*** Information supplied

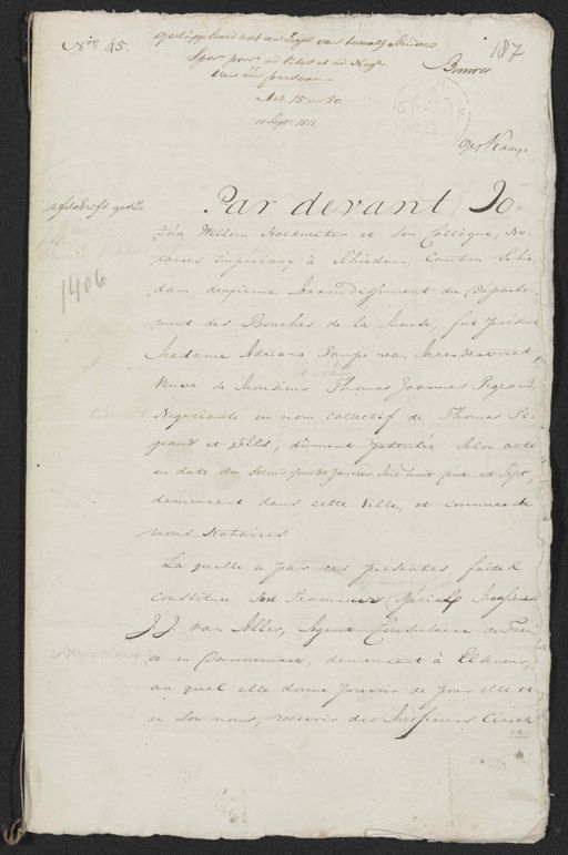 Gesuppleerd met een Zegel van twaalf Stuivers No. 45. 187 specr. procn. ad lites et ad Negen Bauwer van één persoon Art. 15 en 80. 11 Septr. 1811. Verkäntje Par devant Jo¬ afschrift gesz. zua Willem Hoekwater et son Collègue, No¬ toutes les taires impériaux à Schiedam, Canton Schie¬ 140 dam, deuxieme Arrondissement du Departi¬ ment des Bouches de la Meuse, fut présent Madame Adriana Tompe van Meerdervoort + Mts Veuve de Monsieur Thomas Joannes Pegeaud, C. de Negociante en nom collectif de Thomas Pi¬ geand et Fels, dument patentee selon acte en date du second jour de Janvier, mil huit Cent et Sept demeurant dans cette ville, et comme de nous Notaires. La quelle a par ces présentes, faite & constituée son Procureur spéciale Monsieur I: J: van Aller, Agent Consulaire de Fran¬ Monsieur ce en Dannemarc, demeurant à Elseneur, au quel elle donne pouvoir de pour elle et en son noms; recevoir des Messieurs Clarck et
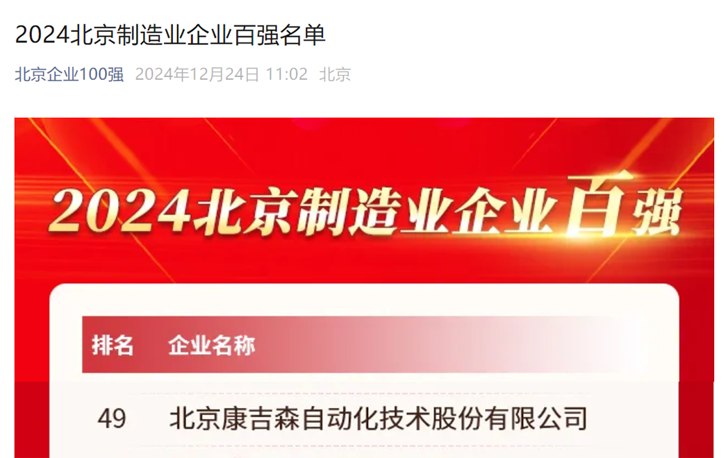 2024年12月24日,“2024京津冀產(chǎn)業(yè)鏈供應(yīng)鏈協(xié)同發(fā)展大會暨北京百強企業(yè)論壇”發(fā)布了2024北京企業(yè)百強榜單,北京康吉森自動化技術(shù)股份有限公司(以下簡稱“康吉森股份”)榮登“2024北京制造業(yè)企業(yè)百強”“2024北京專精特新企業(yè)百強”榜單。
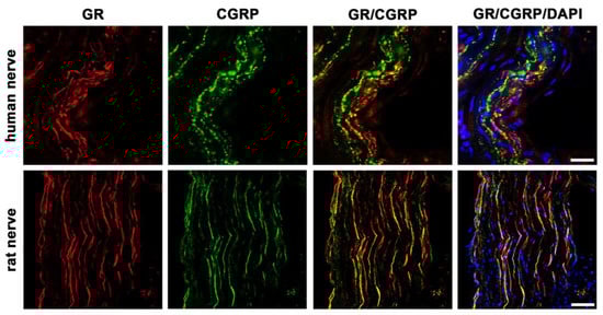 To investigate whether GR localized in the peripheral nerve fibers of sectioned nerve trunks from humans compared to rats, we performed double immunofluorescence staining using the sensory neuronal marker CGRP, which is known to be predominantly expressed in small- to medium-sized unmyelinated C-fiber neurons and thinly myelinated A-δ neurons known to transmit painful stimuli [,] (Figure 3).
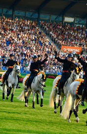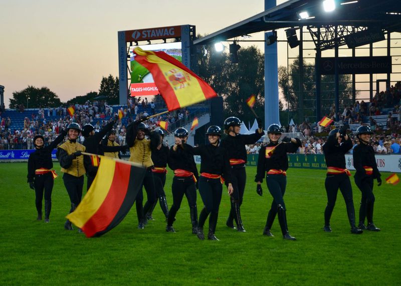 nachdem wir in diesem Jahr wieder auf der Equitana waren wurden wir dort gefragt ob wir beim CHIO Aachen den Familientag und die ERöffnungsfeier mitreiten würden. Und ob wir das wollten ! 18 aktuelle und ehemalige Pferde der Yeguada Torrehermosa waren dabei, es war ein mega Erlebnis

******

§ **Directions for this task**
Give the material again exactly as it is, but keep the pictures out.

§ **Response to the task**
 Gesuppleerd met een Zegel van twaalf Stuivers No. 45. 187 specr. procn. ad lites et ad Negen Bauwer van één persoon Art. 15 en 80. 11 Septr. 1811. Verkäntje Par devant Jo¬ afschrift gesz. zua Willem Hoekwater et son Collègue, No¬ toutes les taires impériaux à Schiedam, Canton Schie¬ 140 dam, deuxieme Arrondissement du Departi¬ ment des Bouches de la Meuse, fut présent Madame Adriana Tompe van Meerdervoort + Mts Veuve de Monsieur Thomas Joannes Pegeaud, C. de Negociante en nom collectif de Thomas Pi¬ geand et Fels, dument patentee selon acte en date du second jour de Janvier, mil huit Cent et Sept demeurant dans cette ville, et comme de nous Notaires. La quelle a par ces présentes, faite & constituée son Procureur spéciale Monsieur I: J: van Aller, Agent Consulaire de Fran¬ Monsieur ce en Dannemarc, demeurant à Elseneur, au quel elle donne pouvoir de pour elle et en son noms; recevoir des Messieurs Clarck et
 2024年12月24日,“2024京津冀產(chǎn)業(yè)鏈供應(yīng)鏈協(xié)同發(fā)展大會暨北京百強企業(yè)論壇”發(fā)布了2024北京企業(yè)百強榜單,北京康吉森自動化技術(shù)股份有限公司(以下簡稱“康吉森股份”)榮登“2024北京制造業(yè)企業(yè)百強”“2024北京專精特新企業(yè)百強”榜單。
 To investigate whether GR localized in the peripheral nerve fibers of sectioned nerve trunks from humans compared to rats, we performed double immunofluorescence staining using the sensory neuronal marker CGRP, which is known to be predominantly expressed in small- to medium-sized unmyelinated C-fiber neurons and thinly myelinated A-δ neurons known to transmit painful stimuli [,] (Figure 3).
 nachdem wir in diesem Jahr wieder auf der Equitana waren wurden wir dort gefragt ob wir beim CHIO Aachen den Familientag und die ERöffnungsfeier mitreiten würden. Und ob wir das wollten ! 18 aktuelle und ehemalige Pferde der Yeguada Torrehermosa waren dabei, es war ein mega Erlebnis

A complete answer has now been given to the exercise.